Service tests (also called integration tests) ensure that all the components of a web service work together. When a single service is comprised of multiple sub-systems, this might require deploying into an isolated environment containing some of the dependencies of that service (e.g. databases).
Finally, UI tests (a.k.a. end-to-end tests) validate that the system as a whole works as expected. This requires an environment where all components of the system are deployed and working.

By using a pyramid instead of a spectrum, we can represent the number of tests at each layer. Ideally, you should have fewer service tests than unit tests and fewer UI tests than service tests.

We can update our feedback loops one final time to take into account these different types of automated tests:

Common problems with tests

Before closing on this refresher on tests and diving into the specifics of Rust web applications, I’d like to discuss a few problems with testing applications that are applicable across the board.

Testing tests

The first problem is that automated tests are code, and are as subject to bugs as the system under test is. As a consequence, a change could pass all tests but still end up generating errors in production.

While a combination of multiple accidental bugs accidentally giving the expected outcome is unlikely, there are a few situations that could cause false positives.

Incorrect assumptions

When writing self-contained unit tests for systems that make calls to external dependencies, we often have to create test doubles to mimic the behavior of those dependencies. Since this is only mimicking a certain behavior, it’s easy for a developer to misinterpret some documentation which would cause them to write tests with the wrong assumptions.

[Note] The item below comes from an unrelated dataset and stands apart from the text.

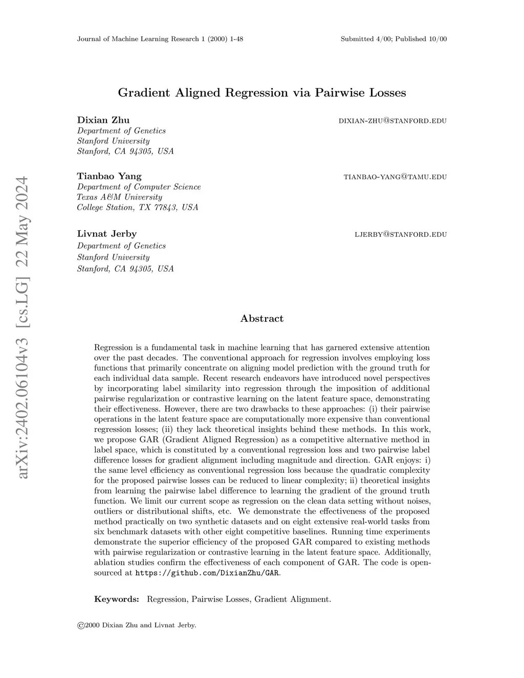 Regression is a fundamental task in machine learning that has garnered extensive attention over the past decades. The conventional approach for regression involves employing loss functions that primarily concentrate on aligning model prediction with the ground truth for each individual data sample. Recent research endeavors have introduced novel perspectives by incorporating label similarity to regression via imposing extra pairwise regularization on the latent feature space and demonstrated the effectiveness. However, there are two drawbacks for those approaches: i) their pairwise operation in latent feature space is computationally more expensive than conventional regression losses; ii) it lacks of theoretical justifications behind such regularization. In this work, we propose GAR (Gradient Aligned Regression) as a competitive alternative method in label space, which is constituted by a conventional regression loss and two pairwise label difference losses for gradient alignment including magnitude and direction. GAR enjoys: i) the same level efficiency as conventional regression loss because the quadratic complexity for the proposed pairwise losses can be reduced to linear complexity; ii) theoretical insights from learning the pairwise label difference to learning the gradient of the ground truth function. We limit our current scope as regression on the clean data setting without noises, outliers or distributional shifts, etc. We demonstrate the effectiveness of the proposed method practically on two synthetic datasets and on eight extensive real-world tasks from six benchmark datasets with other eight competitive baselines. Running time experiments demonstrate the superior efficiency of the proposed GAR over existing methods with pairwise regularization in latent feature space and ablation studies demonstrate the effectiveness of each component for GAR.

Let’s take our external service from before – where we pass a user ID and get a name back. In the implementation, we would send a usize and get back a String. However, those user IDs could be UUIDs instead. The whole system – tests included – would have been designed to handle integers and would fail at the first request on a deployed environment.

Incomplete coverage

Complex systems have complex behaviors. If a system has 10 different inputs with 10 different possibilities each, there are already 10 billion different permutations. It’s not always practical to test all possible scenarios, and sometimes hard to identify those in the first place.

To get better coverage, we often need to increase the number of test cases, which increases the burden of test maintenance. A function with many branching statements could necessitate a test per branch combination, which would explode the number of tests.

Edge case example

Even the simple function generated by cargo can be changed to pass a large number of test cases, but still fail in a very specific situation. On a 64 bits system, there are 3.40 * 10^38 different permutations of numbers for this function. It would be impossible to test them all to ensure that they are all behaving correctly.

pub fn add(left: usize, right: usize) -> usize {
    if left == 2345 && right == 1337 {
        0
    } else {
        left + right
    }
}

#[cfg(test)]
mod tests {
    use super::*;

    #[test]
    fn it_works() {
        static TEST_CASES: &[(usize, usize, usize)] = &[
            (2, 2, 4),
            (3, 4, 7),
            (1234, 1111, 2345),
        ];
        
        for &(left, right, expected) in TEST_CASES {
            let result = add(left, right);
            assert_eq!(result, expected);
        }
    }
}

Branching example

To demonstrate this, let’s take a function with multiple if statements. This function takes two floating point numbers and multiply them only if they are between 0.0 and 1.0. Otherwise, it returns an appropriate OutOfBound error. While this is a relatively simple function with 4 branches and 2 inputs, we already need 9 tests just to cover its basic behaviors.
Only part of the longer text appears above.